A Producing Party may designate any discovery material which is confidential, trade
secret, or other information which is entitled to protection pursuant to Fed. R. Civ. P. 26(c), as
Confidential Information under the terms of this Protective Order by stamping or otherwise clearly
identifying the document, or the affected portion of the document, as “Confidential” at the time of
the production of the materials.

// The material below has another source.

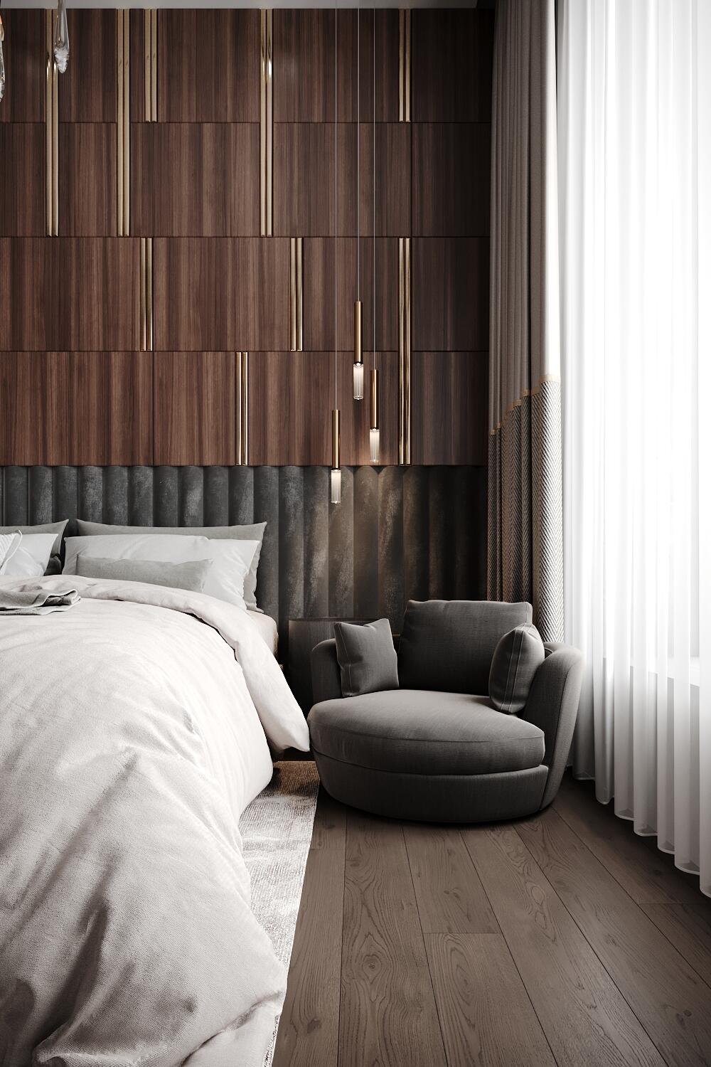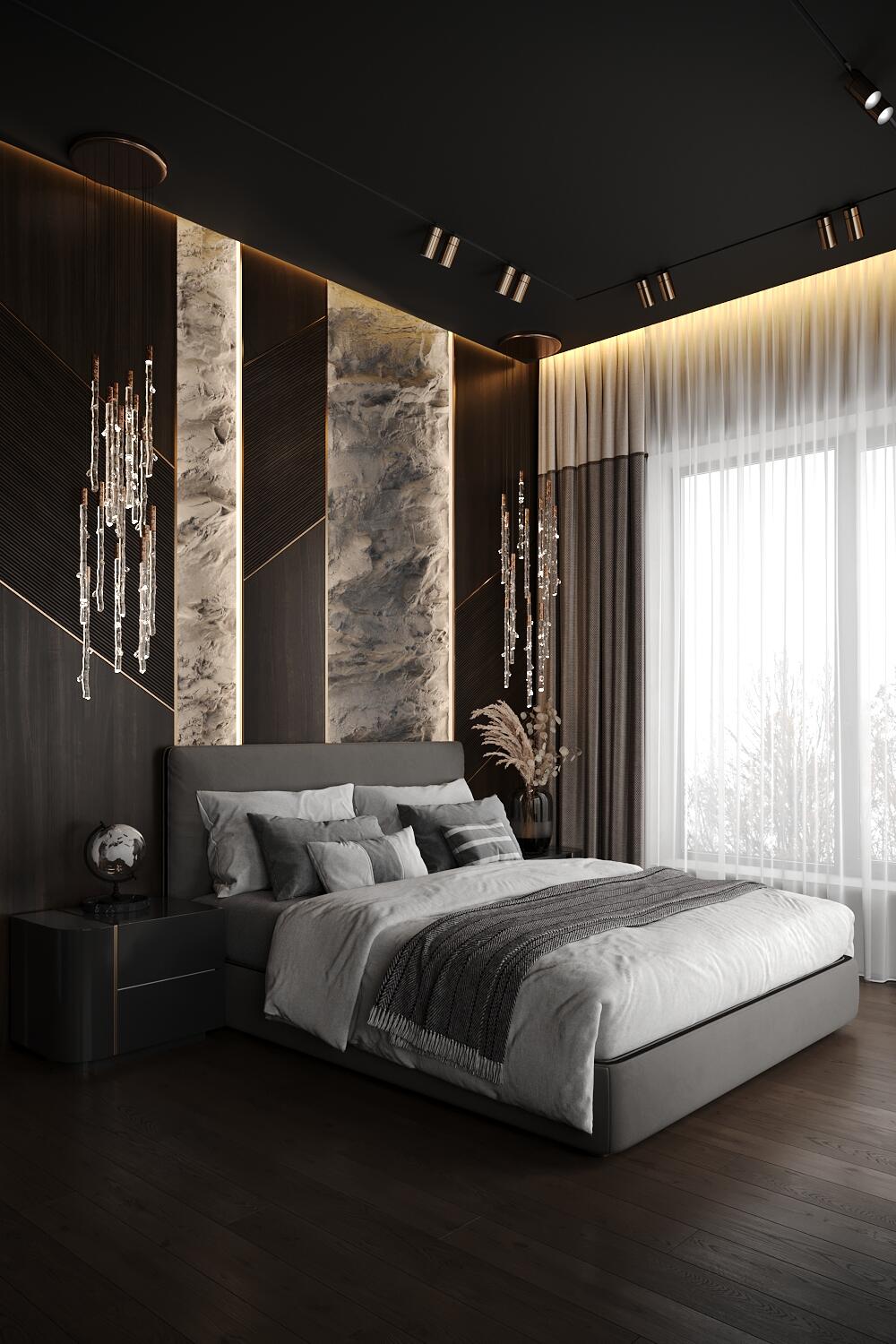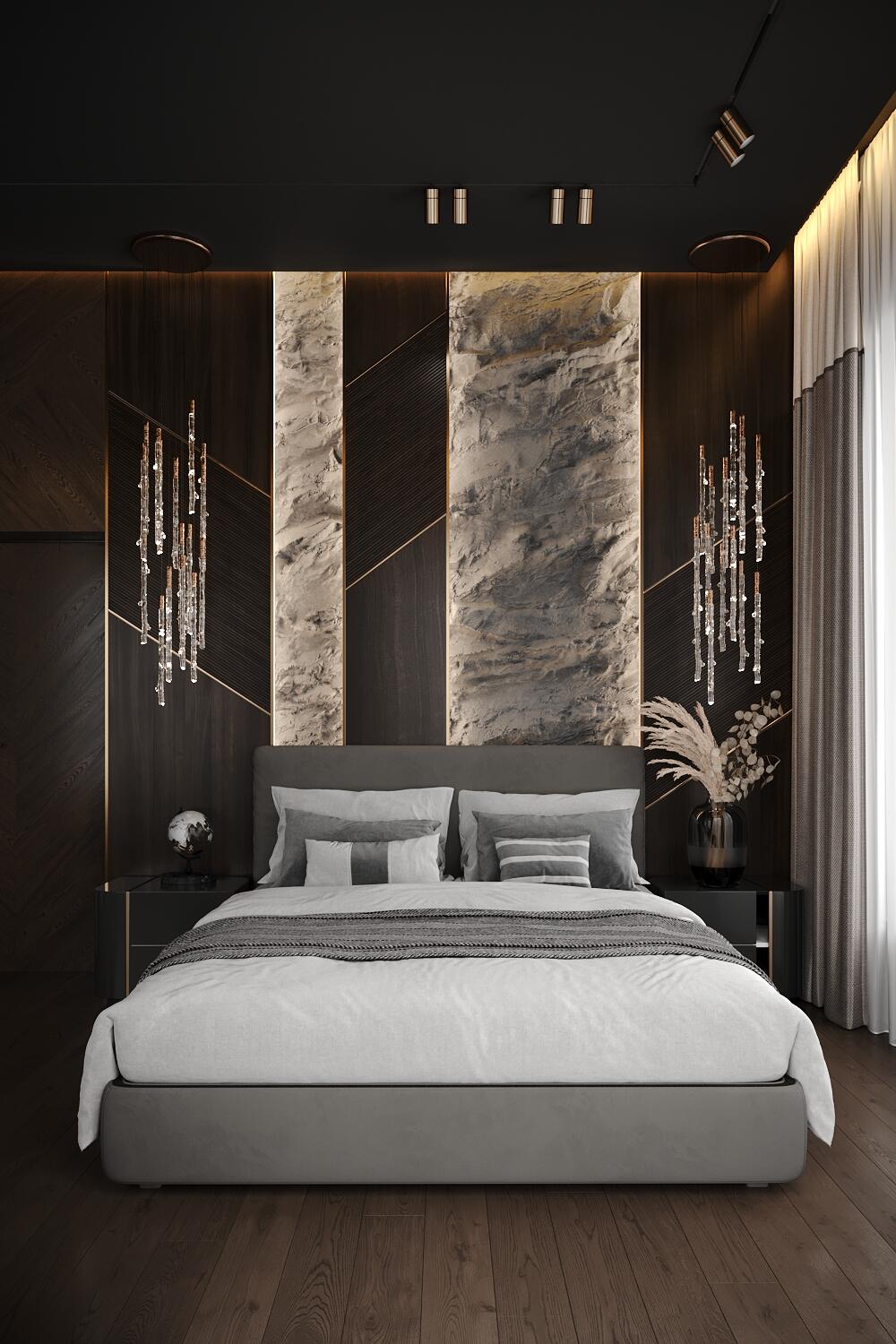 Интерьер дополнен изящными подвесными светильниками, которые создают мягкое, уютное освещение по обе стороны от кровати. У изножья располагается зона с ТВ, встроеная в декоративную панель из тёмного дерева и графитовых реек.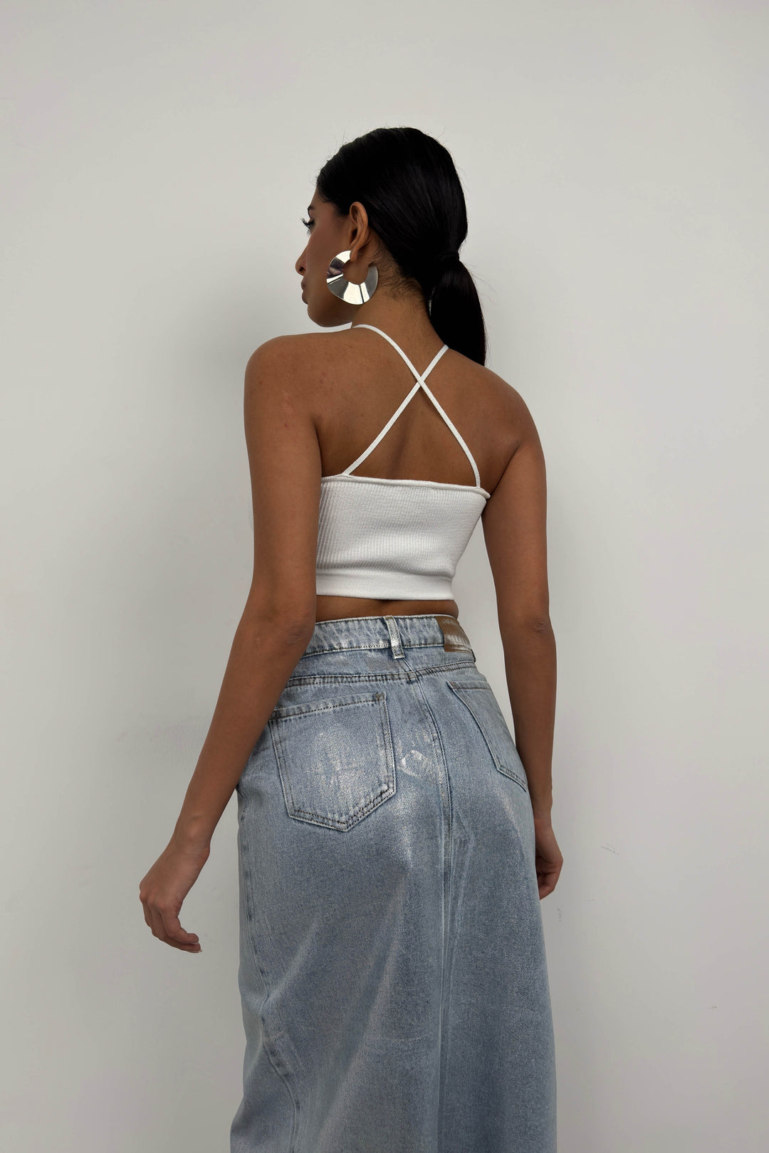 Window Detail, Thin Straps, Ribbed Knitwear, Body-Clinging, Crop

For each such designation, the Producing Party shall identify the
specific grounds upon which a claim of confidentiality is being made (e.g., avoid harassment by
nonparties; confidential research, development or commercial information; etc.) with sufficient
explanation to permit any Objecting Party to intelligently respond to the confidentiality designation.
4.
“Confidential” discovery material and information derived therefrom shall be
produced only to counsel of record for the parties or a pro se party in this proceeding and may be
disclosed by such counsel or pro se party only to the following persons:
a.
The attorneys appearing on behalf of the parties to this proceeding, their
respective firms and employees;
b.
Any person expressly retained by any attorney described in subparagraph (a)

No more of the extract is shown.